We will start by observing the relationship between the teams' winning percentage and their tournament ranking using a scatter plot.
# setting y-values in the scatter plot to March Madness rank values
yCoefficient = rank_bb['MM_RANK'].values
# setting x-values in the scatter plot to game win % values
xCoefficient = rank_bb['GAME WIN %'].values
figures, axis = plt.subplots()
axis.scatter(xCoefficient, yCoefficient)
# finding the slope and y-intercept
b, m = polyfit(xCoefficient, yCoefficient, 1)
# graphing the line of fit
plt.plot(xCoefficient, np.multiply(m, xCoefficient) + b, color = 'pink')
plt.title("Game Win Percentage vs Elimination Round")
plt.xlabel("Game Win %")
plt.ylabel("Elimination Round")
Based on the scatterplot, we can see that the teams who get eliminated first have a lower game win percentage, whereas the teams who get eliminated later in the tournament tend to have a higher game win percentage.
Now, we are going to determine the relationship between 2 point shooting %, 3 point shooting %, and success in the tournament.
# setting y-values in the scatter plot to March Madness rank values
yCoefficient = rank_bb['MM_RANK'].values
# setting the 1st set of x values to 2 pt shooting % values
x1Coefficient = rank_bb['2 PT SHOOTING %'].values
# setting the 2nd set of x values to 3 pt shooting % values
x2Coefficient = rank_bb['3 PT SHOOTING %'].values
figures, axis = plt.subplots()
# create scatter plot on same plot
axis.scatter(x1Coefficient, yCoefficient, color = "red", label = "2 Point Shot %")
axis.scatter(x2Coefficient, yCoefficient, color = "green", label = "3 Point Shot %")
# finding the slope and y-intercept for both sets of data
b1, m1 = polyfit(x1Coefficient, yCoefficient, 1)
b2, m2 = polyfit(x2Coefficient, yCoefficient, 1)

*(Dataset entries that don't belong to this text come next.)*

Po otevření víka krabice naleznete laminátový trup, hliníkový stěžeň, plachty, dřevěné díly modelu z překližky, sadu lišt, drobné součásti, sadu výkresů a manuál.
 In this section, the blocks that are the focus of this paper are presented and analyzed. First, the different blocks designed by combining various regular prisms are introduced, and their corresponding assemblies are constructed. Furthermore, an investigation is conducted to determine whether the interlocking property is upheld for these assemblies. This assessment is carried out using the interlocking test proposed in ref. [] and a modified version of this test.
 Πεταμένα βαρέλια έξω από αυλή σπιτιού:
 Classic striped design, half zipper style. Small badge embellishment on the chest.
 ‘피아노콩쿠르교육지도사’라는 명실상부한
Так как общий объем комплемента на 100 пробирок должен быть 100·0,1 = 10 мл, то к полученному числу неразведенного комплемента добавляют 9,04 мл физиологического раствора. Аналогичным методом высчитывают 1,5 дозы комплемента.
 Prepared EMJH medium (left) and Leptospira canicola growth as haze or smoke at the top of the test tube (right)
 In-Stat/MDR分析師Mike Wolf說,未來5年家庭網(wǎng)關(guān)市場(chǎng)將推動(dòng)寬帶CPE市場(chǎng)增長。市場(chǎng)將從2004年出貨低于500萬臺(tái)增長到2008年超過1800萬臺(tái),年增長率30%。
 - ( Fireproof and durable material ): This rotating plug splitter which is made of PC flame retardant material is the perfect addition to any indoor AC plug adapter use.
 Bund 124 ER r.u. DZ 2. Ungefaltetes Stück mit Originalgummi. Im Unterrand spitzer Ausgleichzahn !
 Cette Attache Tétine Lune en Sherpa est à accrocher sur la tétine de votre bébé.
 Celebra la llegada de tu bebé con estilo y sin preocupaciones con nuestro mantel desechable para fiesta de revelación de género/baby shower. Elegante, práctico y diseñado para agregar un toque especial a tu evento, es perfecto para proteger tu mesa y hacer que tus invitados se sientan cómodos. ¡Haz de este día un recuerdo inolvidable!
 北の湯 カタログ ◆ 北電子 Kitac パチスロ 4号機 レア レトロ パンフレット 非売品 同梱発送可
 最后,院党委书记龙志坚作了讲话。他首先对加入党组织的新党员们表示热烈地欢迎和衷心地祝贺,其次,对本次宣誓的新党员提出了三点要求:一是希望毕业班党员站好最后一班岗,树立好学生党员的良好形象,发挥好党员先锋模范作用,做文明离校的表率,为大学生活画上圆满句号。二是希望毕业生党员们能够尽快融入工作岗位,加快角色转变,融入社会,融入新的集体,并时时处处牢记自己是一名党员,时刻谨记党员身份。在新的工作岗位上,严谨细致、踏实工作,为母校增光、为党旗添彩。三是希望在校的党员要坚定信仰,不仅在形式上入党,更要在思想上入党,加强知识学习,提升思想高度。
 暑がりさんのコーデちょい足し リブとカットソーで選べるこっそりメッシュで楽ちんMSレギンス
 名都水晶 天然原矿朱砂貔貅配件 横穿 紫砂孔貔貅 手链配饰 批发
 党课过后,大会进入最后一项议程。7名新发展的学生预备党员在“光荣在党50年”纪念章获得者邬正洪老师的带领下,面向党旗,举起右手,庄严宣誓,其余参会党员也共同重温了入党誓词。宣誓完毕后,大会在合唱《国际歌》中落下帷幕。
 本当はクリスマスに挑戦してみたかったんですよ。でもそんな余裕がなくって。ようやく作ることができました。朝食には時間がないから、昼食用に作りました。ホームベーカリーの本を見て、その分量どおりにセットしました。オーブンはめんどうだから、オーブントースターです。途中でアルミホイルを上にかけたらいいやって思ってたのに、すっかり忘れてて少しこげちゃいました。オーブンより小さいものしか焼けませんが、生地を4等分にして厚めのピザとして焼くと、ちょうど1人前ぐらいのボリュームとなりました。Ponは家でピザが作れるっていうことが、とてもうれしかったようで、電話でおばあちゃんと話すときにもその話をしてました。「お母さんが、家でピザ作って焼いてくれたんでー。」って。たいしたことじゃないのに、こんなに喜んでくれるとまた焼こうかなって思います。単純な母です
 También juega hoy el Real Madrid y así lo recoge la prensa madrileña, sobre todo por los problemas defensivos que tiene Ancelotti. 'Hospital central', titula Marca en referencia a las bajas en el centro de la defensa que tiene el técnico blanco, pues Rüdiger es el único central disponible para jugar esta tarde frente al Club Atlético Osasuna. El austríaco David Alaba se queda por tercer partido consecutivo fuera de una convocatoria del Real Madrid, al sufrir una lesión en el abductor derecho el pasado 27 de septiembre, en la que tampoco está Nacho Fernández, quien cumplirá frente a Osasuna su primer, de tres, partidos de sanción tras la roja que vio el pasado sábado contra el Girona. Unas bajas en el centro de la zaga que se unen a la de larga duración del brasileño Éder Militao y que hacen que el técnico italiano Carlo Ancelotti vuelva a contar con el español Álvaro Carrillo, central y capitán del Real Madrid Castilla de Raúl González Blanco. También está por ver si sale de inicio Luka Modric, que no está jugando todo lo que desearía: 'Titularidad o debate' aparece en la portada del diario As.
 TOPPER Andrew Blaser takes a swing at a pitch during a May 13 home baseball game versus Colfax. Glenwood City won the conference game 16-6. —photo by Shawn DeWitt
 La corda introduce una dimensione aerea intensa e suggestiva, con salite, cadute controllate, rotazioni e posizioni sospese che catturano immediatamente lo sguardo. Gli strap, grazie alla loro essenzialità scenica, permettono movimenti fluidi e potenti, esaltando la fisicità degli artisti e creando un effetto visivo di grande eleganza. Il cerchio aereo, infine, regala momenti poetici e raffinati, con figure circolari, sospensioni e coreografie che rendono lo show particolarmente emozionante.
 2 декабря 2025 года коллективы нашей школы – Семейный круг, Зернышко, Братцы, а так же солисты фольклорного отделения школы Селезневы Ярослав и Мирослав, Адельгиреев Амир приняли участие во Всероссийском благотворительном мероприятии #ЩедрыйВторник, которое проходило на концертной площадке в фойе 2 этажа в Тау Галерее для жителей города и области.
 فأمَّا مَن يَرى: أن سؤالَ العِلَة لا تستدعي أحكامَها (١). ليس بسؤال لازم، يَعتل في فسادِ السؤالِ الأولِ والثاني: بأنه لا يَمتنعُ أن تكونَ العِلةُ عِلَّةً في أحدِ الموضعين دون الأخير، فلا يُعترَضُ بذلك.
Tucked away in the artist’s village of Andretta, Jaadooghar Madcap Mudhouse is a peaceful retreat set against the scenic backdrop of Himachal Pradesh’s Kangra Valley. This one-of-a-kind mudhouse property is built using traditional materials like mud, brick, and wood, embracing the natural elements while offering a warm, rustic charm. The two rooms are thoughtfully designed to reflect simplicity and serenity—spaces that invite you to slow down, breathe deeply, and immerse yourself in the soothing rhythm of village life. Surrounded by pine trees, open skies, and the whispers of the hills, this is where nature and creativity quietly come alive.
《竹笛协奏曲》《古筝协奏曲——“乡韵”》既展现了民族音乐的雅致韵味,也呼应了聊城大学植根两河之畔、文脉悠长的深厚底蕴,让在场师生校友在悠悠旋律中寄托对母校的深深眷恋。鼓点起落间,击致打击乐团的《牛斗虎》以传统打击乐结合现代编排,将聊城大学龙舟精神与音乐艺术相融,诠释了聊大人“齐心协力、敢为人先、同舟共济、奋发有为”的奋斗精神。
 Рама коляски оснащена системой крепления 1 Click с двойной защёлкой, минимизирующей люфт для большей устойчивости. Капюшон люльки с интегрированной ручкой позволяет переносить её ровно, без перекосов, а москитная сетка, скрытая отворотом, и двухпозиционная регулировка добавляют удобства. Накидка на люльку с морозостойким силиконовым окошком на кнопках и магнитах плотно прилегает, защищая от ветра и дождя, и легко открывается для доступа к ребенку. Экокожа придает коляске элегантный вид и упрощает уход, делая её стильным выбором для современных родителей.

# plotting the line of best fit for both sets of data
plt.plot(x1Coefficient, np.multiply(m1, x1Coefficient) + b1, color = 'blue')
plt.plot(x2Coefficient, np.multiply(m2, x2Coefficient) + b2, color = 'black')
axis.legend()
plt.title("2 Point and 3 Point Shooting Percentage vs Elimination Round")
plt.xlabel("Shooting %")
plt.ylabel("Elimination Round")
Looking at this plot, it makes sense that as the shooting percentage increases, the higher of a ranking the team has and the further a team progresses in the tournament. Additionally, the 2 Point Shooting Percentage has a range of 40% to 63% whereas the 3 Point Shooting Percentage has a range of 28% to 40%. This makes sense because scoring a 3 Point shot is significantly harder than scoring a 2 Point shot.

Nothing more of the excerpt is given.